How do existing Isambard-AI Phase 1 users get access?

“Isambard-AI Phase 2” will appear as a new resource in your existing project.

If users have already logged into any of the Isambard supercomputers today, they will need to log out to trigger a fresh login. Do this by visiting keycloak.isambard.ac.uk and log out by clicking on your name.

Users will then need to rerun clifton auth as they do daily, and then clifton ssh-config write to enable access to the additional platform. To log in, they then need to slightly change their ssh incantation to ssh {project name}.aip2.isambard.

What happens with node hour (NHR) allocations for existing projects?

Node hours may be used on either Phase 1 or Phase 2. Depending on the policy of the allocator, projects already using Phase 1 may be given an additional NHR allocation. PIs will be kept up to date.

Note that Phase 1 is being heavily utilised and users will need to migrate to Phase 2 to make use of any additional NHR.

What will be similar/different in comparison to Isambard-AI Phase 1?

Broadly, the experience on AIP1 and AIP2 will be the same. There are some differences in versions of software and libraries but we do not anticipate these will cause significant issues.

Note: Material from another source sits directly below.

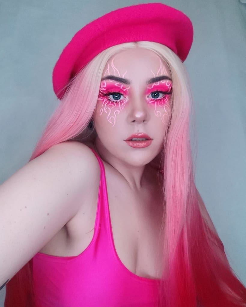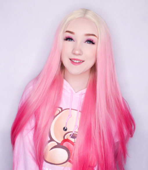 Blonde and pink straight long lace front wig. Lollipop is a firm fav! This sweet and dreamy ombre. A natural twist of blonde roots that melt into a dusky pink then a deep pink dip dye.

Although users should take care to verify and test, user applications, software stacks, containers etc should be relatively easy to port. There may be a need to rebuild to pick up dependencies, depending on your specific use case.

Note that the login nodes differ. Phase 1 uses GH200 hardware identical to the compute nodes. On phase 2, the login nodes use Grace CPUs with no GPU, so care may be needed when building software. Specific guidance will be provided in due course.

Can I start a Jupyter notebook session on a compute node?

Yes, you can follow the Jupyter Notebooks guide, but a few small changes are required.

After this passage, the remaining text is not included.